Third, this has nothing to do with LLM consciousness, and there is a philosophical case which has been made2 that language models cannot truly understand anything. That is, the outputs they produce no more represent understanding than a calculator’s output shows an understanding of mathematics. But this itself does not imply that it does not do the tasks correctly—this is an empirical rather than philosophical question! And as always, I do not think that the current generation of LLMs is actually generally intelligent in the sense that it can actually reason in novel situations, or can accomplish everything a human can do. But this isn’t evidence that LLMs are fundamentally incapable of doing so—especially once the LLM is integrated into a system which does more than output a single string, without iteration.

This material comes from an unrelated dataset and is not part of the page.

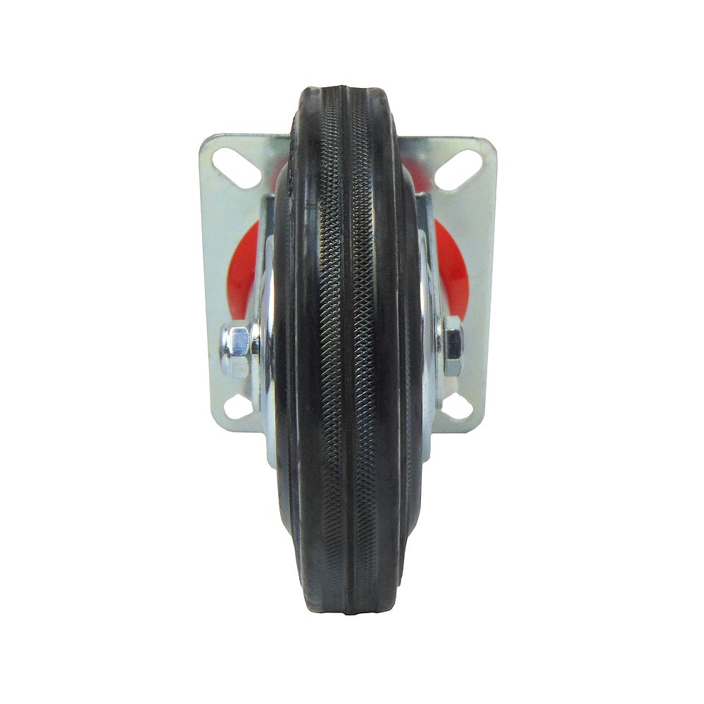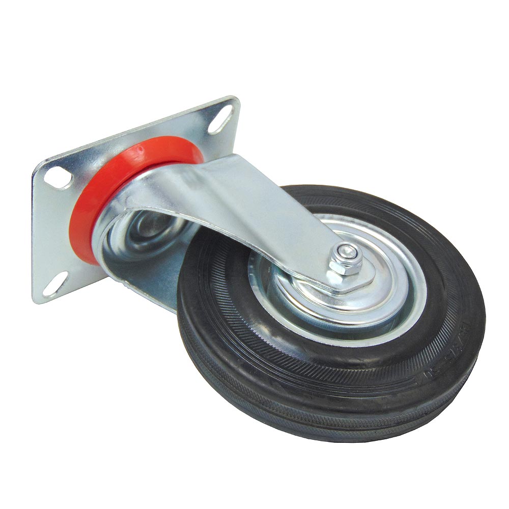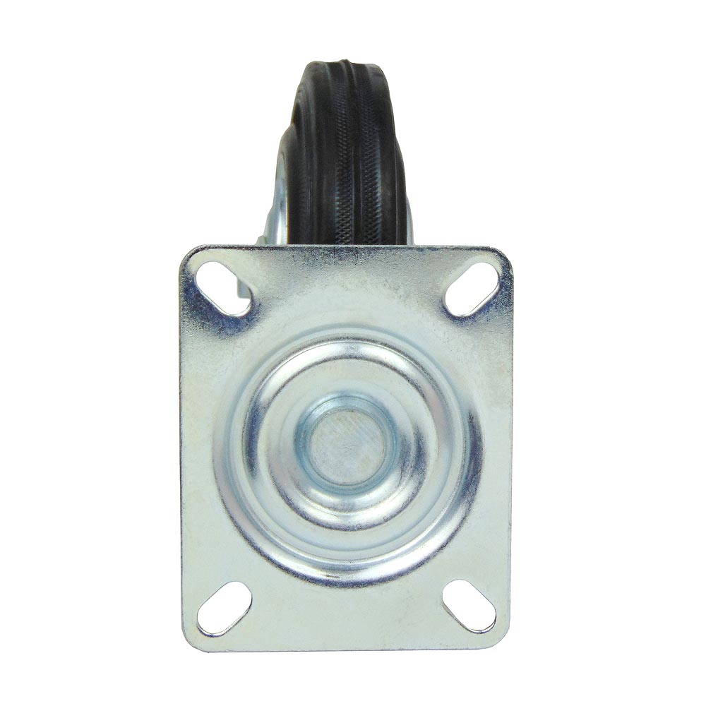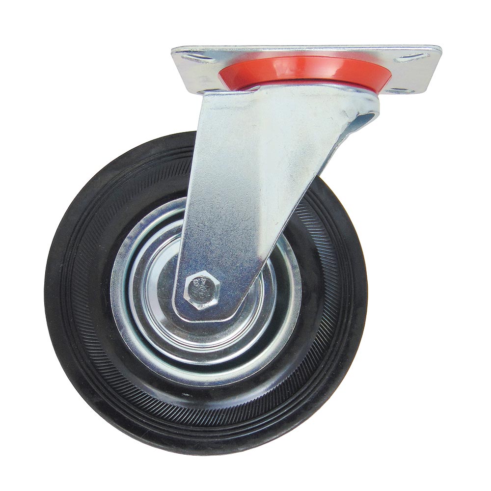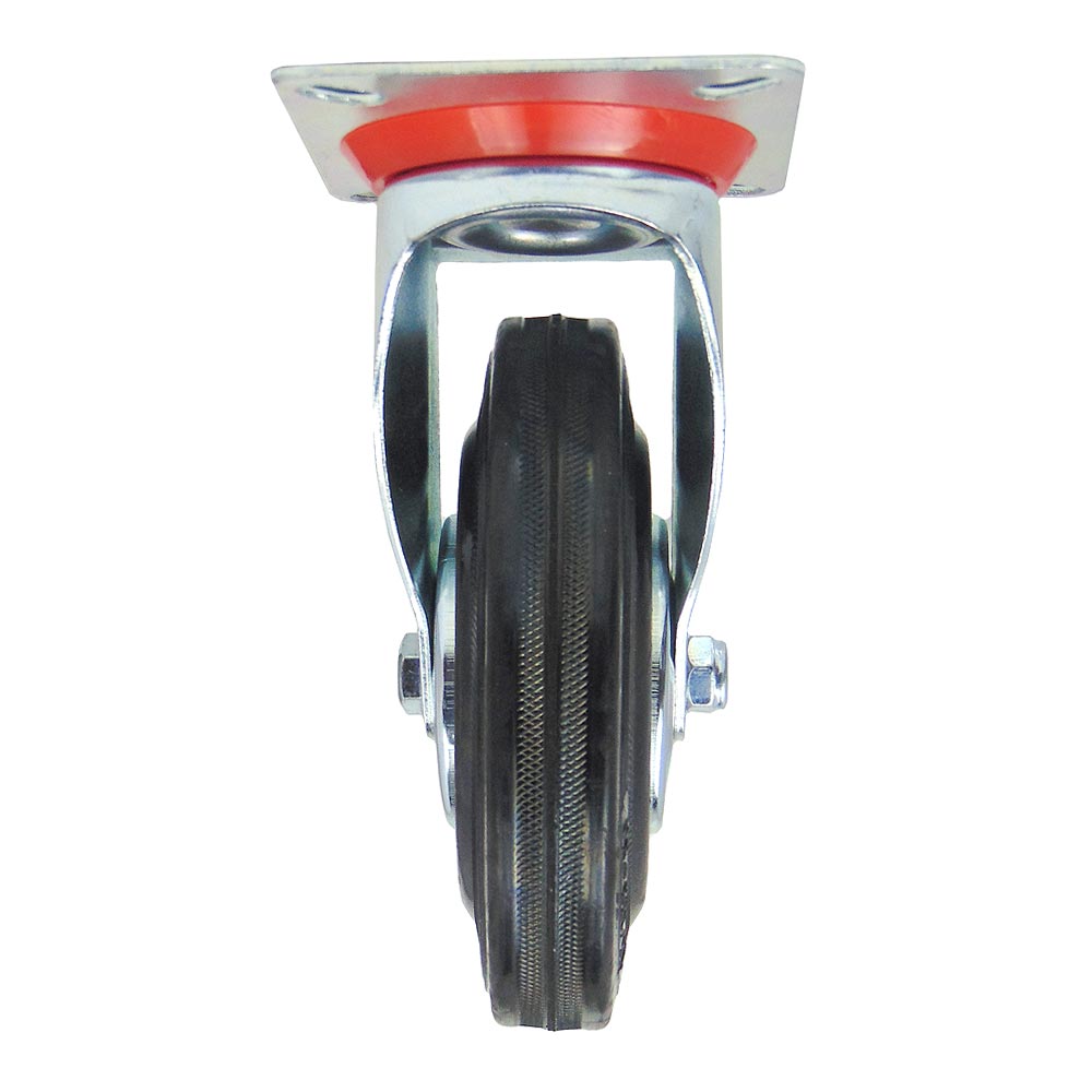 Для плавного перемещения по различным поверхностям используется шинка из черной резины. Ось колеса оборудована надежным роликовым подшипником, а механизм поворота кронштейна оснащен двухрядным шарикоподшипником с защитой от пыли из пластика.

But to the extent that an LLM doing single-shot inference does, in fact, reason properly, the claim that AGI requires what-if or counterfactual or causal reasoning is not relevant, because we know that they do exactly that type of reasoning, whether or not it’s “true” understanding.
As a final note, in discussing deep uncertainty and robust decision-making, there is a claim that “a human would… update information continuously, and opt for a robust decision drawn from a “distribution” of actions that proved effective in previous analogous situations.” Unfortunately, that isn’t how humans reason; recognition primed decision making, where people choose actions based directly on their past experiences, doesn’t work that way. It does not opt for a robust decision. Instead, humans need to do extensive thinking and reflection in order to engage in robust decision making—and there seems to be no reason that LLMs could not do the same types of analysis, even if these systems don’t truly “understand” it. And if you ask an LLM to carefully reason through approaches and evaluate them via considering robustness to different uncertainties, it does a credible job.
Footnotes:
The use of gradient descent on model weights cannot learn to represent counterfactuals, and because what Pearl calls “do” operations are not represented, the high-dimensional functions which the model learns are correlations, not causal relationships. But given the data which contains counterfactuals, often with causality explicitly incorporated, the networks can, in theory, learn something equivalent to causal Bayesian networks or other causal representations of the data.
I’ll note that I think the typical philosophical case against LLM consciousness goes too far, in that it seems to prove human minds also cannot truly understand—but that’s a different discussion!
Thanks for the post, I agree with the main points.
There is another claim on causality one could make, which would be: LLMs cannot reliably act in the world as robust agents since by acting in the world, you change the world, leading to a distributional shift from the correlational data the LLM encountered during training.
I think that argument is correct, but misses an obvious solution: once you let your LLM act in the world, simply let it predict and learn from the tokens that it receives in response. Then suddenly, the LLM does not model correlational, but actual causal relationships.
I certainly agree with your counterargument. I’m surprised there’s so much skepticism that LLMs can lead to AGI. It’s like this group of futurists doesn’t think in terms of ongoing progress.
The recent post LLM Generality is a Timeline Crux addresses this question and generated some good discussion, much of it skeptical.
The author nonetheless predicts around 60% chance that LLMs lead to AGI, and 80% chance they do if they have scaffolding to turn them into language model cognitive architectures. My argument for how those likely lead quickly to AGI is here.